Black applicants faced a 17.3 percent denial rate. Asians were denied 15.6 percent of the time. Hispanics were denied 13.3 percent of the time. Denial rates for all groups have shrank since 2010.

Zillow expects to release updated numbers in April, a spokeswoman said.

The Las Vegas area has long had among the lowest rates of home ownership regardless of race. About 50 percent of people in the Las Vegas area owned a home in 1994. The number rose to 63 percent in 2004 and 2006. The rate stood at 51 percent in 2016.

Las Vegas demographics favor the rental market because of borrowing and lending constraints after the financial crisis, said Vivek Sah, director of UNLV’s LIED Institute for Real Estate Studies.
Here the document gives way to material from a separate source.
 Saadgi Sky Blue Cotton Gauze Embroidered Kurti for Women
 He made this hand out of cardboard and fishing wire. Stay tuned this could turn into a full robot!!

Many Las Vegans already struggle for a down payment large enough to qualify for conventional loans, he said.

Growing home prices only raise the down-payment requirements, pricing people out.

“That is why you may be seeing an apartment boom in the valley,” Sah said. “The Vegas market is dominated by low-end, less-educated jobs in the gaming and hotel industry. These jobs do not make a strong case on qualification for home buying, as the salaries are not stable and a lot are gratuity-based.”

‘Educate the buyer’

Las Vegas real estate agent Tracie Lockett-Green learned the value of home ownership around 8 years old. After her parents paid for their New York house in full, her father burned their mortgage documents to celebrate.

Lockett-Green moved to Southern Nevada about 25 years ago. She saw the Great Recession hit downtown Las Vegas especially hard. She worked with the Neighborhood Stabilization Program to help rehabilitate foreclosed houses, helping 90 homeowners. The program helped around 3,000 Nevadans.

The program lost funding in 2014.

The way to improve home ownership among people of color and people with low incomes is education, Lockett-Green said.

Not enough people know what agencies to go to for assistance, what determines a credit score, or how to improve inherited property to increase its value, she said.

Disadvantaged groups are making up for generations of lost time building wealth and credit. For Lockett-Green, government programs, employer programs, online resources, and programs from organizations such as the Culinary union help first-time homeowners close the gap.

“This should be in high schools,” she said. “We’ve got to educate the buyer.”